Since you are accustomed to sleeping with PS of 11, on your ASV machine I think you'll probably be most comfortable with Min PS of 4 or higher.

With ResMed ASV machines, Min PS and Max PS cannot be set to the same pressure. In fact, Max PS must be at least 5 higher than Min PS. If Min PS is 5 then the Max PS must be at least 10.

On a ResMed ASV machine, the highest Min PS can be set is 6. If Min PS were raised to 6, Max PS would have to be raised to at least 11.

ResMed redesigned their website a couple years ago to be more sales oriented and dropped a lot of information from their website. It used to say something to the effect that, for a person with normal lungs a PS as high as 10 would be sufficient to do just about all the work of breathing for us.

You are used to an unchanging PS of 11. That means the BiPAP may have been doing just about all the work of breathing for you, with no effort needed by you, except to speed things up a little when you initiated inhalations on your own faster than the backup rate for breaths per minute.

To me, using a PS of 11 constantly all night seems alarmingly high. With such a large PS all night, I think it is possible your BiPAP may have been slightly poisoning you with too much Oxygen, unless you have a lung condition which makes makes your lungs harder to inflate than for most people.

Did you ever wear a recording pulse oximeter all night, when your PS was 11?

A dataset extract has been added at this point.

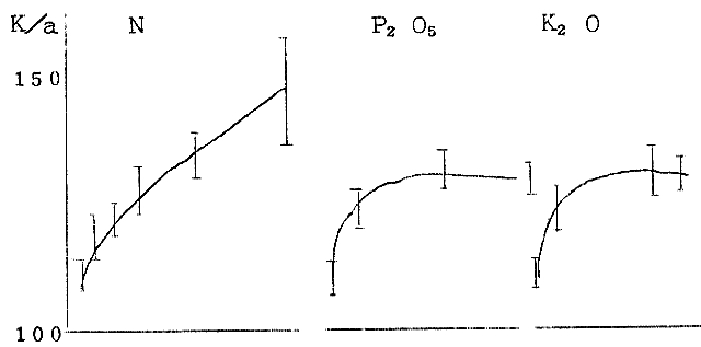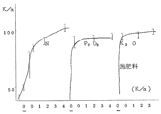 2) イネ科草種においてはN施用量に直線的反応増収する。P.Kについては前記と同様であった。

I think a good target for SpO2 (the Saturation percentage of Oxygen in the blood, as measured percutaneously, meaning measured through the skin) is between 94 and 96 for most people with healthy lungs. However, many COPD patients are easily harmed by too much O2 in their blood and probably should target 88%–92%.

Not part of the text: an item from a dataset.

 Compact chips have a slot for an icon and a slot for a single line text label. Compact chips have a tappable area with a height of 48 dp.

I think an average SpO2 of 98 to 99 all night may be harmful, causing too much oxidation in our system. Continuous high SpO2 can reduce the effectiveness of some medicines and can cause oxidative stress, which would gradually lead to health problems.

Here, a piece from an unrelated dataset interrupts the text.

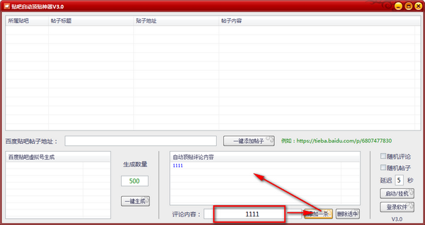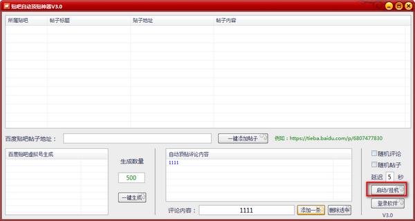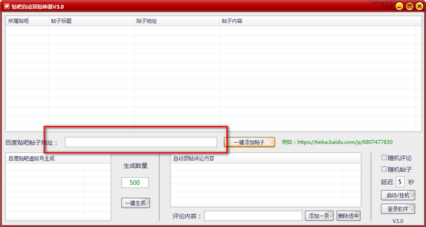 贴吧自动顶贴神器可以让您在贴吧发的帖子始终处于首页,支持自定义某个帖子以及发帖内容,还可以多个账号随机发帖,使用方法非常简单,只需要将要顶贴的链接,输入要顶贴的内容,登录多个账号点击开始即可,非常适合需要营销产品的用户们使用。
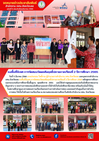 วันที่ 5 มีนาคม 2566 นายประกอบ โพธิ์ราม ผู้อำนวยการสำนักงาน กศน.จังหวัดเลย และบุคลากรสำนักงาน กศน.จังหวัดเลย ลงพื้นที่นิเทศ การจัดสอบวัดผลสัมฤทธิ์ปลายภาคเรียนที่ 2 ปีการศึกษา 2565 หลักสูตรการศึกษานอกระบบระดับการศึกษาขั้นพื้นฐาน พุทธศักราช 2551 และได้กล่าวพูดคุยและพบปะกับนักศึกษาสอบถามปัญหาต่าง ๆ ระหว่างการสอบของนักศึกษาและกล่าวให้กำลังใจกับนักศึกษาที่มาสอบ พร้อมกับเน้นย้ำให้ครูในสถานศึกษาดูแล ตรวจสอบความเรียบร้อยระหว่างการดำเนินการสอบ และคอยกำกับดูแลในการดำเนินการสอบ ให้เป็นไปด้วยความเรียบร้อย ณ สนามสอบของสถานศึกษาในสังกัด สำนักงาน กศน. จังหวัดเลย

"administer oxygen to keep saturations between 94 and 96 percent. No patient needs oxygen saturations above 97 percent and in truth, there is little to no evidence suggesting any clinical benefit of oxygen saturations above 90 percent in any patient."
http://www.ems1.com/columnists/mike-mcev...xygen-hurt

"For most COPD patients, a target saturation range of 88%–92% will avoid the risks of hypoxia and hypercapnia."
https://psnet.ahrq.gov/webmm/case/172

http://www.emsworld.com/article/10915304...uch-oxygen

Take care,
--- Vaughn
Membership in the Advisory Member group should not be understood as in any way implying medical expertise or qualification for advising Sleep Apnea patients concerning their treatment. The Advisory Member group provides advice and suggestions to Apnea Board administrators and staff on matters concerning Apnea Board operation and administrative policies - not on matters concerning treatment for Sleep Apnea. I think it is now too late to change the name of the group but I think Voting Member group would perhaps have been a more descriptive name for the group.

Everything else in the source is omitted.